» Data excerpt:
- Opening Delimiter -

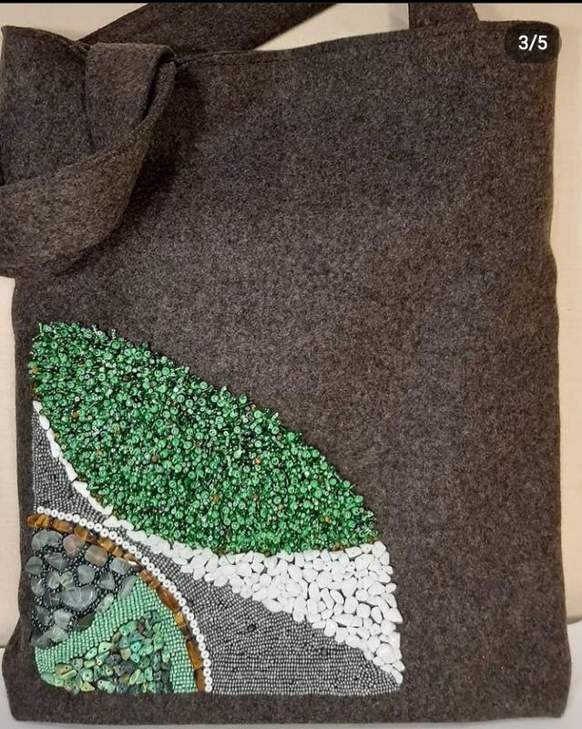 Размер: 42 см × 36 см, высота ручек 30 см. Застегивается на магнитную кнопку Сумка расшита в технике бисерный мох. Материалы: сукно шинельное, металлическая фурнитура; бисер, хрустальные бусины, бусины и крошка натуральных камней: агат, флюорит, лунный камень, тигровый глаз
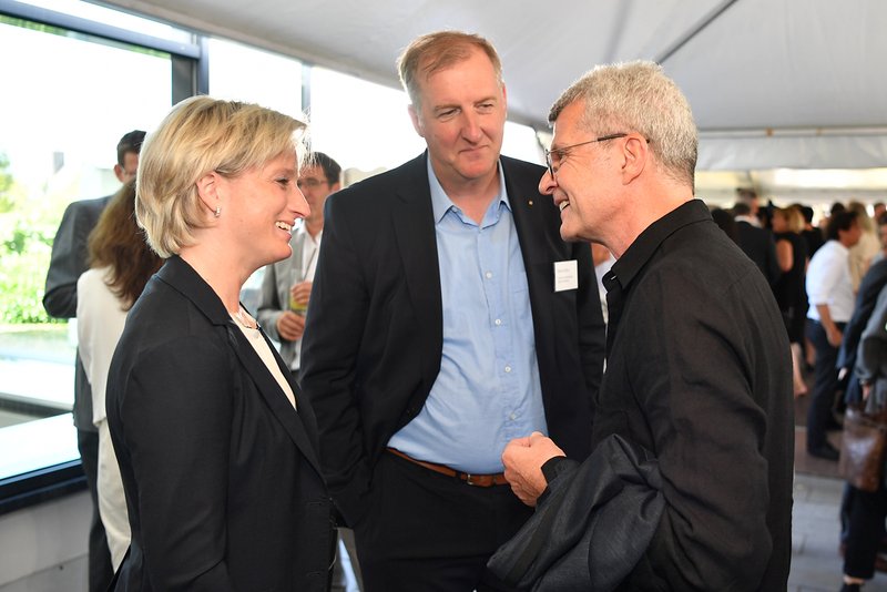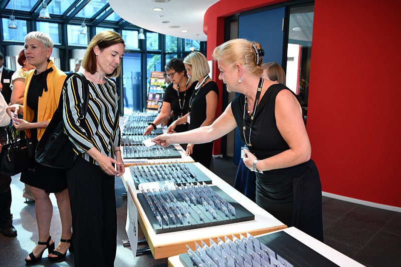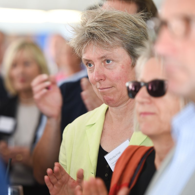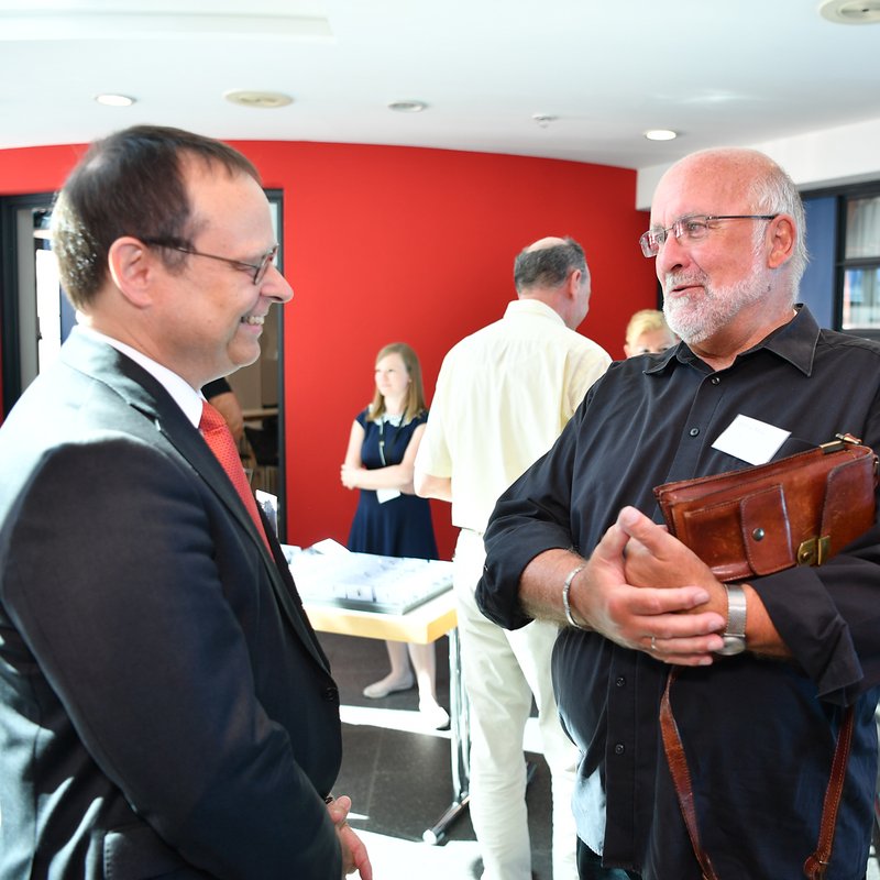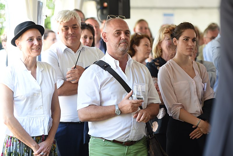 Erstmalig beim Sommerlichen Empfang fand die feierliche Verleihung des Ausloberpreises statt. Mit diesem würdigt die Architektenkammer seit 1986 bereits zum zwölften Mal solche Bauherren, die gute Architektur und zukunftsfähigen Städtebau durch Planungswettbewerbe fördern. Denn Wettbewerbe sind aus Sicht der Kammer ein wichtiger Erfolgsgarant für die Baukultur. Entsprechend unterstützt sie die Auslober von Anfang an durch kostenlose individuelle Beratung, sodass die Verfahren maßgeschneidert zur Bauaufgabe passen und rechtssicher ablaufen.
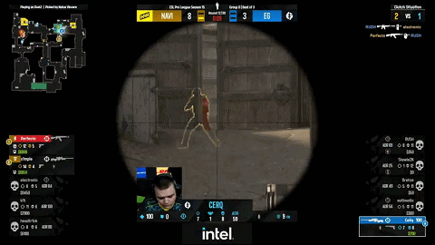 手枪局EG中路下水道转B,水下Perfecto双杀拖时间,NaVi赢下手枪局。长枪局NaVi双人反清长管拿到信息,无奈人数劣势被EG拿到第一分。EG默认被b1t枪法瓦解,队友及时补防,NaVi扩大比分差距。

- Closing Delimiter -

» Exercise aim: Copy the lines above exactly and exclude every image.

» Response to the task:
 Размер: 42 см × 36 см, высота ручек 30 см. Застегивается на магнитную кнопку Сумка расшита в технике бисерный мох. Материалы: сукно шинельное, металлическая фурнитура; бисер, хрустальные бусины, бусины и крошка натуральных камней: агат, флюорит, лунный камень, тигровый глаз
 Erstmalig beim Sommerlichen Empfang fand die feierliche Verleihung des Ausloberpreises statt. Mit diesem würdigt die Architektenkammer seit 1986 bereits zum zwölften Mal solche Bauherren, die gute Architektur und zukunftsfähigen Städtebau durch Planungswettbewerbe fördern. Denn Wettbewerbe sind aus Sicht der Kammer ein wichtiger Erfolgsgarant für die Baukultur. Entsprechend unterstützt sie die Auslober von Anfang an durch kostenlose individuelle Beratung, sodass die Verfahren maßgeschneidert zur Bauaufgabe passen und rechtssicher ablaufen.
 手枪局EG中路下水道转B,水下Perfecto双杀拖时间,NaVi赢下手枪局。长枪局NaVi双人反清长管拿到信息,无奈人数劣势被EG拿到第一分。EG默认被b1t枪法瓦解,队友及时补防,NaVi扩大比分差距。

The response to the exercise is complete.